Begin at the line below that has "Parts for Whirlpool". Stop after the line that has "央視網(wǎng)消息:都江", repeating each line exactly and leaving out the pictures.

Study material:
********
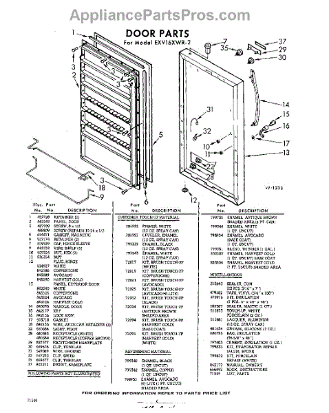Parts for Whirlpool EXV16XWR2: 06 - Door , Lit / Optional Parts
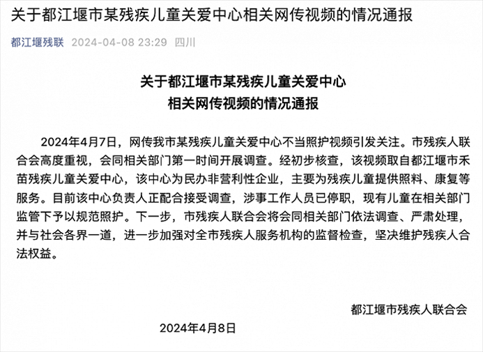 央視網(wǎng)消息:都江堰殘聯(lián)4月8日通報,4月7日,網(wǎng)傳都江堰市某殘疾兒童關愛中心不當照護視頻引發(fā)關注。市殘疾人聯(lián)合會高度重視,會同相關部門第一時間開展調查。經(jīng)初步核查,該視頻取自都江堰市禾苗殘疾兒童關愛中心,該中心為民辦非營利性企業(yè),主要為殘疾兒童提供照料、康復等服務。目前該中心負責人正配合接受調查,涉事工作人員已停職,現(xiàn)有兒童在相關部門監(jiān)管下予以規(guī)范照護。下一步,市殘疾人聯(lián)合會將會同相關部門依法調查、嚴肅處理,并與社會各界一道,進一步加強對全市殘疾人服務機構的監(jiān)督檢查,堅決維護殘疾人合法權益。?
********
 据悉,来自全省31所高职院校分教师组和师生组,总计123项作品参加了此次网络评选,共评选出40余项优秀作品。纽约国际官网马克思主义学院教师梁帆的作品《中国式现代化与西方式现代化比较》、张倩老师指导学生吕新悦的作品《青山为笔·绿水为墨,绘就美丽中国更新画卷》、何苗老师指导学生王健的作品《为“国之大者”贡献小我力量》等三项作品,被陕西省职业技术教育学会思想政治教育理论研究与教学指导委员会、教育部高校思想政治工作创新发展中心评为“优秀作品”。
********
Exercise result:
Parts for Whirlpool EXV16XWR2: 06 - Door , Lit / Optional Parts
 央視網(wǎng)消息:都江堰殘聯(lián)4月8日通報,4月7日,網(wǎng)傳都江堰市某殘疾兒童關愛中心不當照護視頻引發(fā)關注。市殘疾人聯(lián)合會高度重視,會同相關部門第一時間開展調查。經(jīng)初步核查,該視頻取自都江堰市禾苗殘疾兒童關愛中心,該中心為民辦非營利性企業(yè),主要為殘疾兒童提供照料、康復等服務。目前該中心負責人正配合接受調查,涉事工作人員已停職,現(xiàn)有兒童在相關部門監(jiān)管下予以規(guī)范照護。下一步,市殘疾人聯(lián)合會將會同相關部門依法調查、嚴肅處理,并與社會各界一道,進一步加強對全市殘疾人服務機構的監(jiān)督檢查,堅決維護殘疾人合法權益。?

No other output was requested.